**What is needed**: Your copy should match the entries exactly, with the pictures left out.

**Given data**:
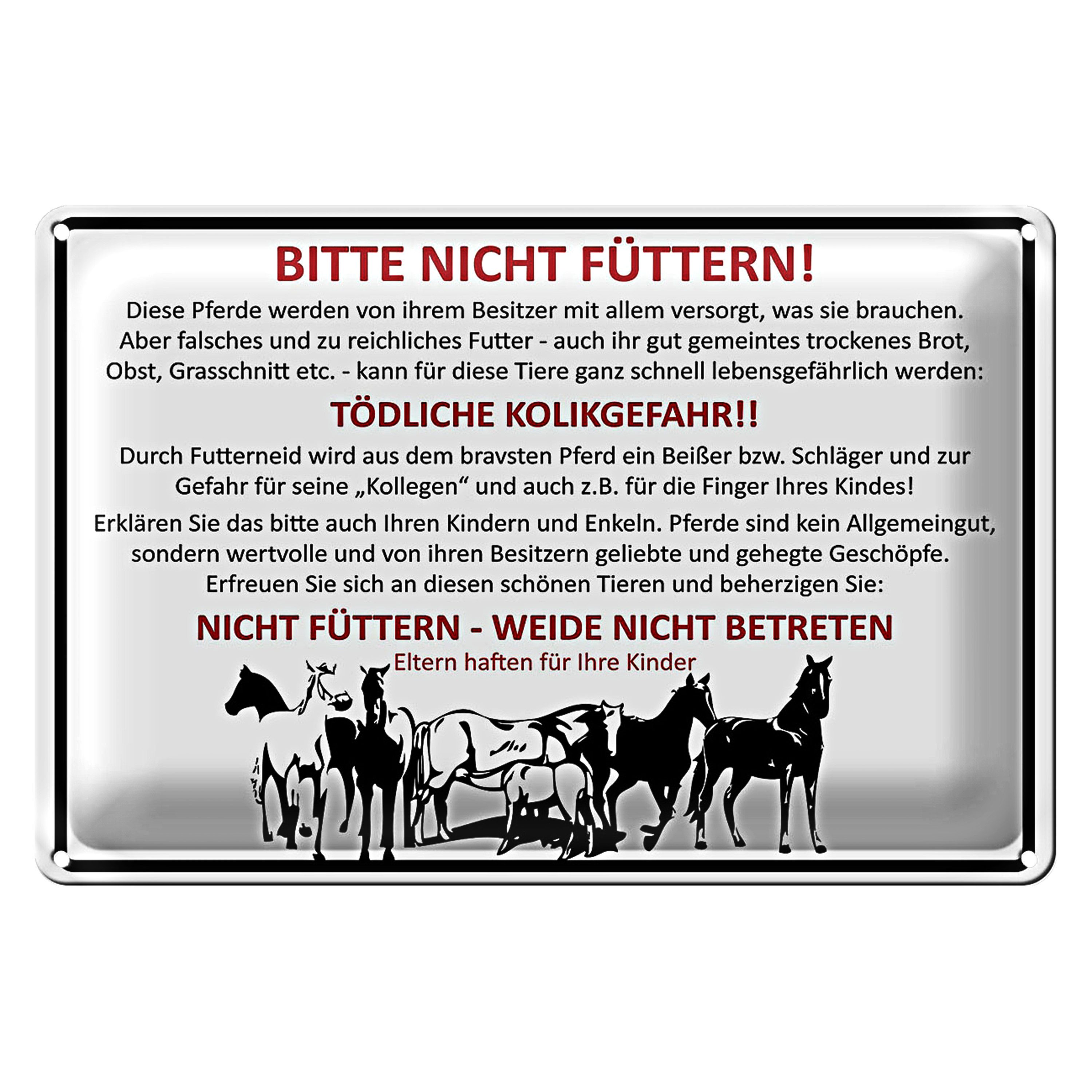 Metallschild Tiere 18x12cm bitte nicht füttern Pferde Verbot
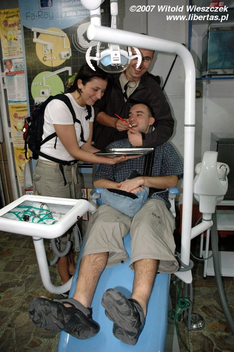 Oczywiście towarzysząca mi banda dentystów nawet w Limie znalazła miejsce dla uprawiania swojego niecnego i sadystycznego procederu... Na szczęście nie było chętnych, więc poszliśmy potańczyć i przy okazji coś zjeść. Jeśli dobrze zrozumiałem to, co mówiła Maritza, to po zmroku policja w Limie nie pracuje, a w związku z tym robi się wtedy niebezpiecznie i lepiej nie włóczyć się tak jak w dzień, szybko wsiadamy więc do taksówki szybko i wracamy do Miraflores... Kierunek Cubata.
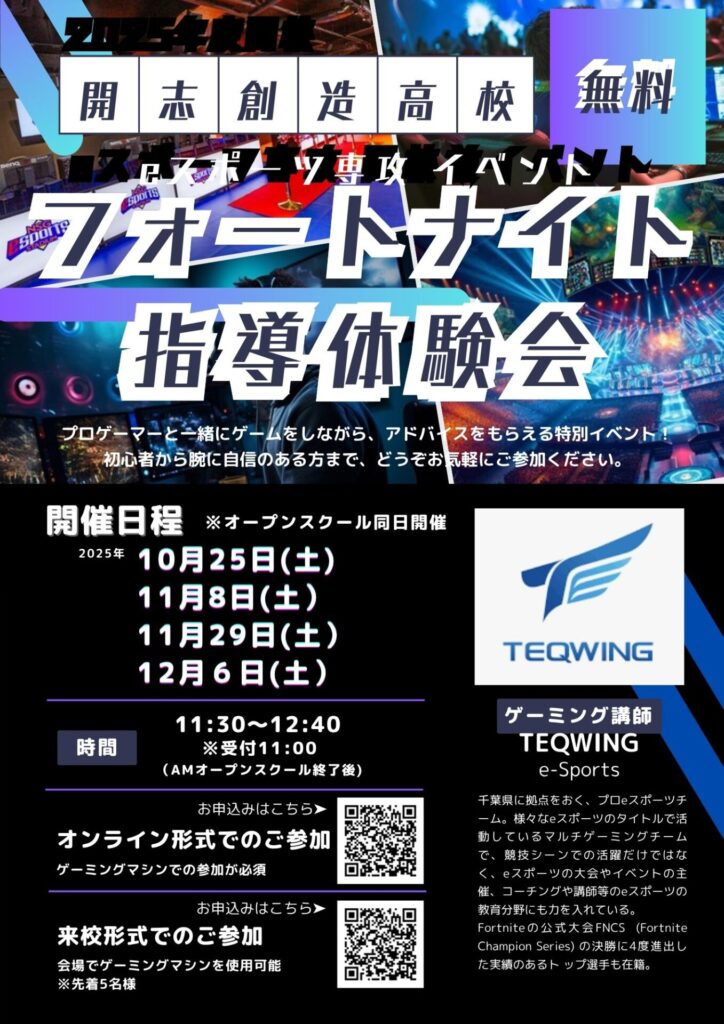 来校参加:お申込みはコチラ ⇒【開志創造高校】フォートナイト指導体験会<対面>
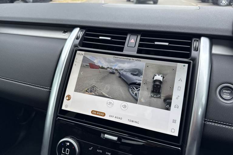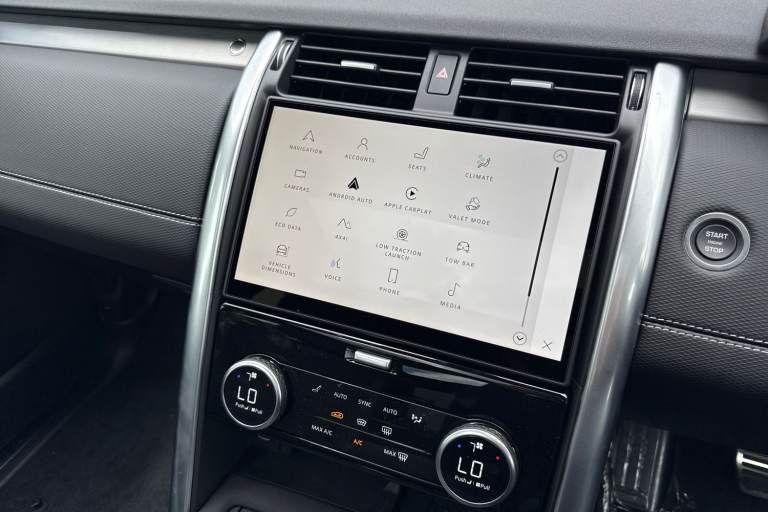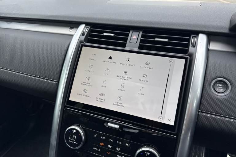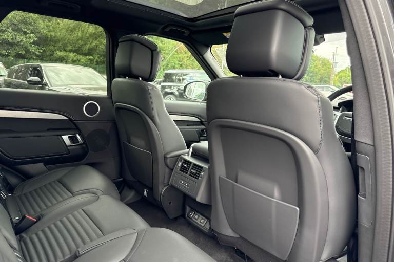 Here we have the Land Rover Discovery Dynamic HSE. Seen here in the wonderful Carpathian Grey, this vehicle features a 3.0L Diesel engine which is seamlessly mated to a smooth automatic gear box. starting from the front you will see the Matrix LED headlights with signature Day Time Running Lights which alongside LED taillights will ensure increased road presence alongside a sharper view of the world ahead. Further features you will enjoy are the privacy glass ensuring all contents and passengers are safe from prying eyes as it sits proudly on a set of 22inch Diamond turned Alloy Wheels. You will find convenience in a fully powered tailgate which can also be opened via a single press of the key as well as an easy to access button under the tailgate perfect for easy loading and when hands are full and this vehicle also come equipped with a towing pack for our towing enthusiasts out there. Rear Passengers will be impressed with the comfort and quality of the ebony Leather seats and their own climate control systems, and glimpsing into the cockpit the epitome luxury continues with 22-way heated, electric driver memory seat with captains armrest which will ensure comfort on any length of journey rain or shine. Front and rear passengers will further enjoy premium cabin lighting and their fixed front and rear panoramic sunroof which will engross the cabin in natural light. Taking a closer look at the Leather Multifunctional steering wheel which also has many features at its d...
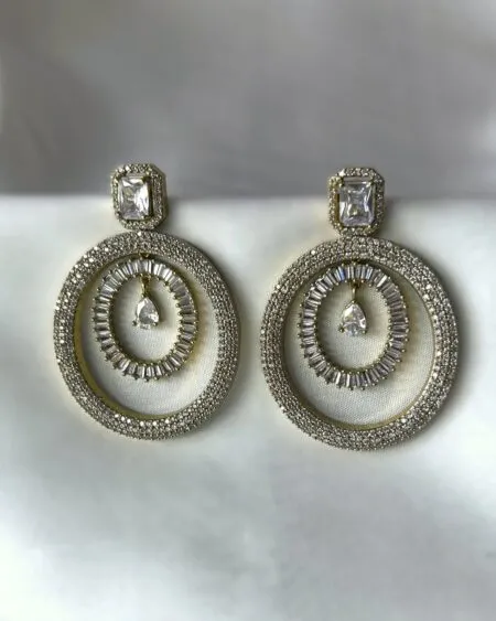 Add a touch of timeless glamour to your look with our Ursula Sparkling Teardrop AD Earrings. Designed for the fashion-forward woman who seeks high style on a budget, these dazzling earrings feature brilliant-cut white stones in a layered floral and teardrop design. Perfect for weddings, parties, or everyday elegance, they bring luxury vibes without the luxury price tag. Crafted to mimic the brilliance of fine diamond jewellery, these earrings are lightweight, skin-friendly, and suitable for all-day wear. Whether you’re styling a sari, cocktail dress, or formal suit, Ursula earrings are the budget-friendly statement piece that elevates your look instantly. They also make for an ideal gift for Bridesmaids and fashion lovers.
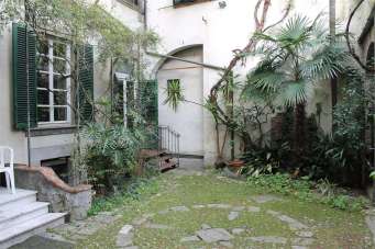 L´appartamento è composto da: ingresso fronte piazza con accesso dal giardino esclusivo e da un grande cancello in ferro da poter utilizzare o come giardino o come parcheggio interno, , l´appartamento si compone da ingresso, due ampie sale comunicanti, una sala con caminetto in marmo, due locali con accesso laterale, tre bagni, tre canne fumarie, soffitti a cassettoni in legno completamente restaurati, pavimenti Tessieri, pareti elegantemente affrescate.
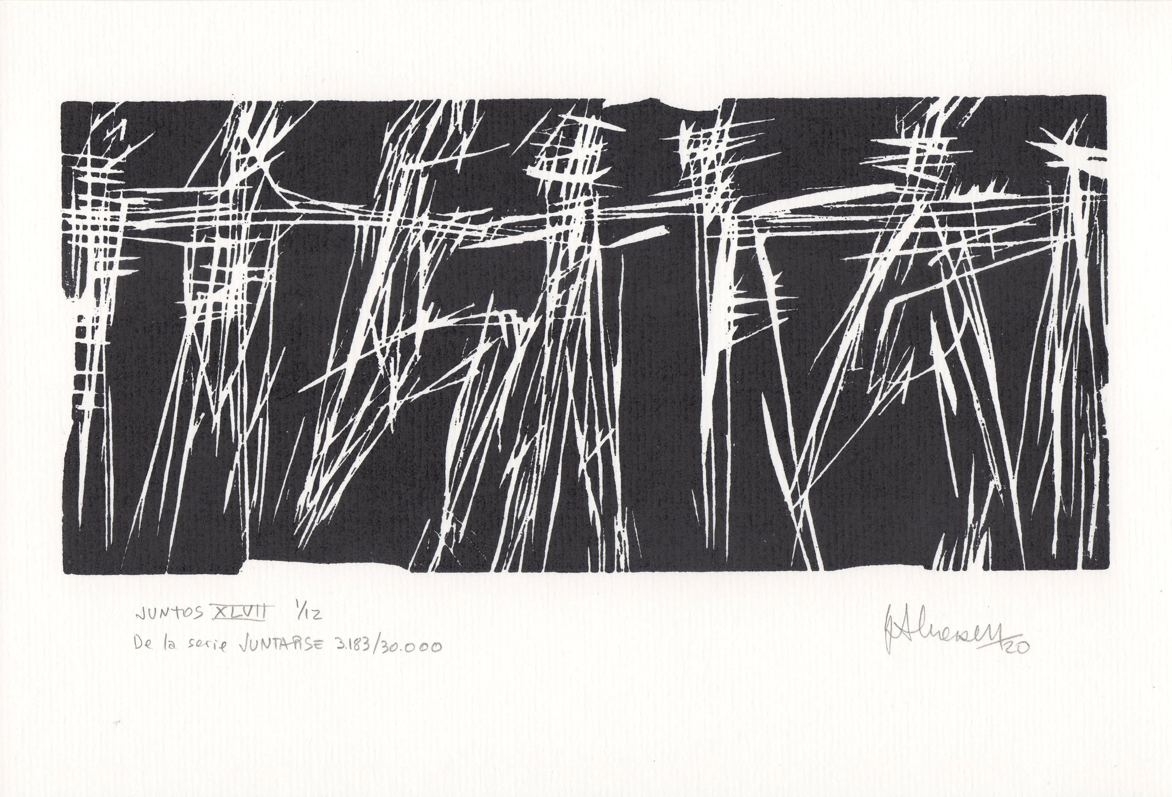 Una de las 59 xilografías que fueron grabadas, casi en su totalidad en el año 2010, pero que su estampación tradicional definitiva se realizó entre los años 2015 a 2020. Desde los inicios se realizaron copias sobre soportes diferentes, para ser utilizadas en la serie de trabajos que integran el proyecto Caciques, el que se halla comprendido en el proyecto abarcativo JUNTARSE 30.000. Todos los tacos son de 10 x 22 cm. y la edición tradicional de 12 ejemplares, se realizó sobre papel de 17 x 25 cm.

**The answer**:
 Metallschild Tiere 18x12cm bitte nicht füttern Pferde Verbot
 Oczywiście towarzysząca mi banda dentystów nawet w Limie znalazła miejsce dla uprawiania swojego niecnego i sadystycznego procederu... Na szczęście nie było chętnych, więc poszliśmy potańczyć i przy okazji coś zjeść. Jeśli dobrze zrozumiałem to, co mówiła Maritza, to po zmroku policja w Limie nie pracuje, a w związku z tym robi się wtedy niebezpiecznie i lepiej nie włóczyć się tak jak w dzień, szybko wsiadamy więc do taksówki szybko i wracamy do Miraflores... Kierunek Cubata.
 来校参加:お申込みはコチラ ⇒【開志創造高校】フォートナイト指導体験会<対面>
 Here we have the Land Rover Discovery Dynamic HSE. Seen here in the wonderful Carpathian Grey, this vehicle features a 3.0L Diesel engine which is seamlessly mated to a smooth automatic gear box. starting from the front you will see the Matrix LED headlights with signature Day Time Running Lights which alongside LED taillights will ensure increased road presence alongside a sharper view of the world ahead. Further features you will enjoy are the privacy glass ensuring all contents and passengers are safe from prying eyes as it sits proudly on a set of 22inch Diamond turned Alloy Wheels. You will find convenience in a fully powered tailgate which can also be opened via a single press of the key as well as an easy to access button under the tailgate perfect for easy loading and when hands are full and this vehicle also come equipped with a towing pack for our towing enthusiasts out there. Rear Passengers will be impressed with the comfort and quality of the ebony Leather seats and their own climate control systems, and glimpsing into the cockpit the epitome luxury continues with 22-way heated, electric driver memory seat with captains armrest which will ensure comfort on any length of journey rain or shine. Front and rear passengers will further enjoy premium cabin lighting and their fixed front and rear panoramic sunroof which will engross the cabin in natural light. Taking a closer look at the Leather Multifunctional steering wheel which also has many features at its d...
 Add a touch of timeless glamour to your look with our Ursula Sparkling Teardrop AD Earrings. Designed for the fashion-forward woman who seeks high style on a budget, these dazzling earrings feature brilliant-cut white stones in a layered floral and teardrop design. Perfect for weddings, parties, or everyday elegance, they bring luxury vibes without the luxury price tag. Crafted to mimic the brilliance of fine diamond jewellery, these earrings are lightweight, skin-friendly, and suitable for all-day wear. Whether you’re styling a sari, cocktail dress, or formal suit, Ursula earrings are the budget-friendly statement piece that elevates your look instantly. They also make for an ideal gift for Bridesmaids and fashion lovers.
 L´appartamento è composto da: ingresso fronte piazza con accesso dal giardino esclusivo e da un grande cancello in ferro da poter utilizzare o come giardino o come parcheggio interno, , l´appartamento si compone da ingresso, due ampie sale comunicanti, una sala con caminetto in marmo, due locali con accesso laterale, tre bagni, tre canne fumarie, soffitti a cassettoni in legno completamente restaurati, pavimenti Tessieri, pareti elegantemente affrescate.
 Una de las 59 xilografías que fueron grabadas, casi en su totalidad en el año 2010, pero que su estampación tradicional definitiva se realizó entre los años 2015 a 2020. Desde los inicios se realizaron copias sobre soportes diferentes, para ser utilizadas en la serie de trabajos que integran el proyecto Caciques, el que se halla comprendido en el proyecto abarcativo JUNTARSE 30.000. Todos los tacos son de 10 x 22 cm. y la edición tradicional de 12 ejemplares, se realizó sobre papel de 17 x 25 cm.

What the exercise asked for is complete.